[DATA PROVIDED Boundary: Start]

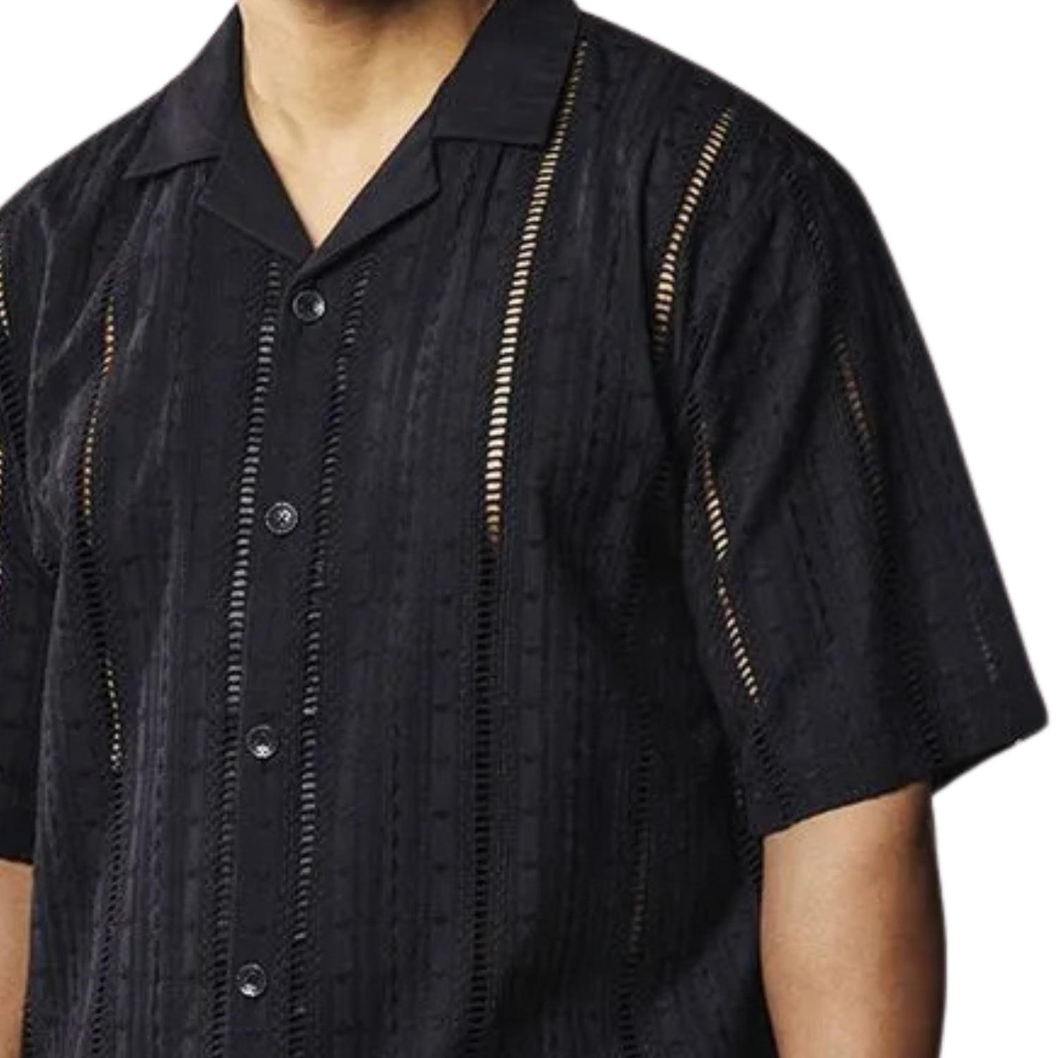 Ascella Collection: Stacy Adams Black Linen Jacquard 2-Piece Short Sleeve Set
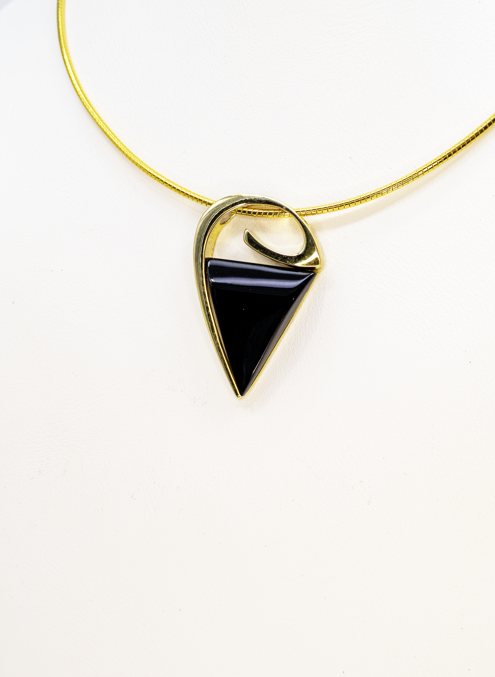 An extraordinary piece of jewelry for those who appreciate something special: This gold-plated pendant with genuine amber combines modern design with classic elegance. The amber is set in a striking triangular element (approx. 4.6 × 3 cm) , which is artfully framed by the curved gold-plated line. Together with the 45 cm long gold-plated chain, it creates a harmonious overall look that instantly enhances any outfit.
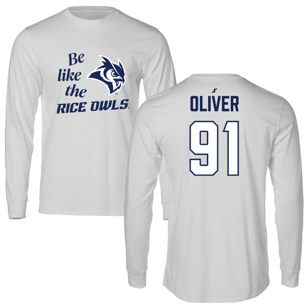 Rice University Football Light Gray Be Like Us Performance Long Sleeve - #91 Devon Oliver
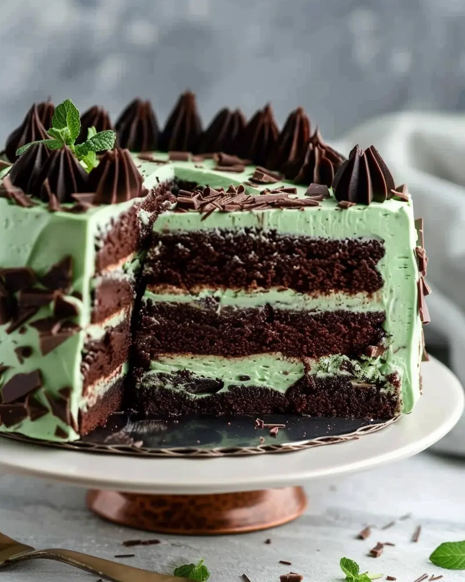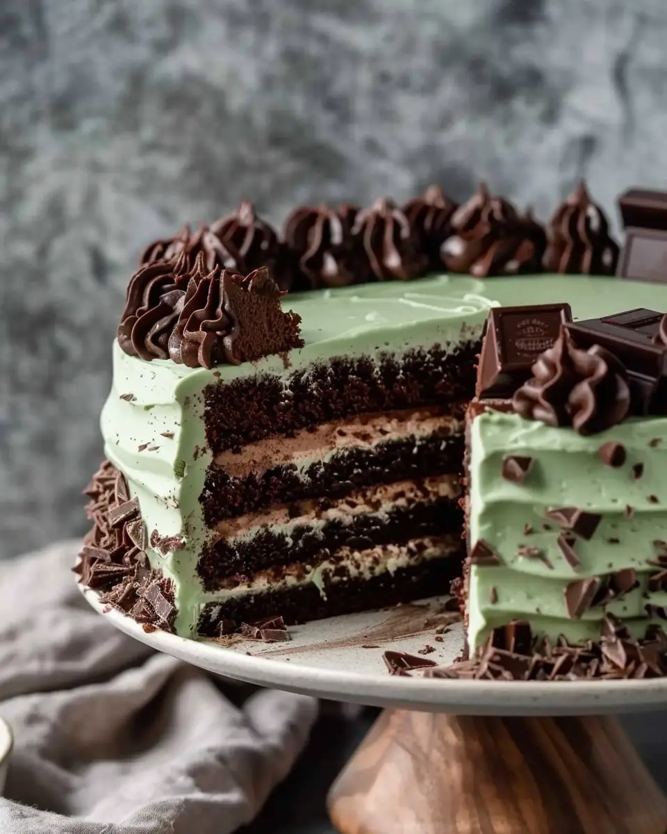 There you go! Slice into your beautifully assembled chocolate mint cake, serving it at parties, gatherings, or a cozy night in with friends. You’ll be thrilled to hear everyone rave about your baking skills!

[DATA PROVIDED Boundary: End]

§ REQUIREMENT
Exact reproduction is required. Output only the lines from the one with "Rice University Football" through the end of the listing above, both ends included, and no pictures.

§ TASK ANSWER
 Rice University Football Light Gray Be Like Us Performance Long Sleeve - #91 Devon Oliver
 There you go! Slice into your beautifully assembled chocolate mint cake, serving it at parties, gatherings, or a cozy night in with friends. You’ll be thrilled to hear everyone rave about your baking skills!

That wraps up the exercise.